*

THE WEB ACROSS THE DOOR

As I was walking up the stair, I met a man who wasn’t there.

He didn’t even comb his night-strewn hair. His face was not ugly, nor was it handsome. His figure was without even a sign of portly or lean.

His clothes were drabber than they were smart; so drab the darkness could hide them in further folds of themselves. His voice picked out words from silence, words which meant little more than the creaks of the floorboards. His touch was like touching one of my own hands with the other. I put him down to nothing but a haunting thought – or, perhaps, at least, the ghostly residue of some man who had once anciently been an infant chimney-sweep.
When I reached the top, I looked back to see his back backing off down the stairwell, disappearing into nothingness—if something could disappear that was never there in the first place.

I lowered myself into half-a-kneel, half-a-bend, all mixed with a crumpled crouch, and picked up from the tousled stair carpet a loose strand that must have floated there from his head of night-strewn hair. I held it closer to my child-young eyes and watched it scribble like the filmic interference on old celluloid, in shapes of words that meant nothing to my childish mind beyond their mere audibility as softest carpet-slipper sounds.
“What you doing dear?” asked my mother, as her tall figure half-filled the slanting yellow shaft of a half-opened bedroom door.
“Following myself up the wooden hills to Bedfordshire,” I said as pipingly plaintive as possible.
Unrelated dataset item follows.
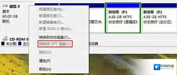 如果你知晓GPT与UEFI启动之间的关系,那么你可能知道,Windows想要从GPT硬盘引导,就必须以UEFI方式启动(反之则不成立)。在磁盘管理中看一下硬盘类型,如果是GPT,那么电脑肯定就是UEFI启动了。打开磁盘管理,在主硬盘上右键单击,如果出现“转换成GPT磁盘”,那说明硬盘为MBR类型;如果出现“转换成MBR磁盘”则说明硬盘为GPT类型(因为是主硬盘,这一项是灰色不可用状态)。

After all, I had an image to maintain.
“Don’t be a soppy and go to bed. It’s high time, darling, you were in dream land.”
My mother’s voice was the only one that could hold sweetness as well as righteous anger.
I dropped the hair that wasn’t there. I let out my lungs with breath blacker than the sooty air and sucked in a new draught, one that was tinged with the yellowness still left there by my mother’s now extinguished light from her bedroom door.
I was suddenly a child again, one that no longer needed any childish image to remain my mother’s darling. But upon trying the doorknob of my childhood lair, I found it wasn’t there. Only a choking head-mop of tangled air.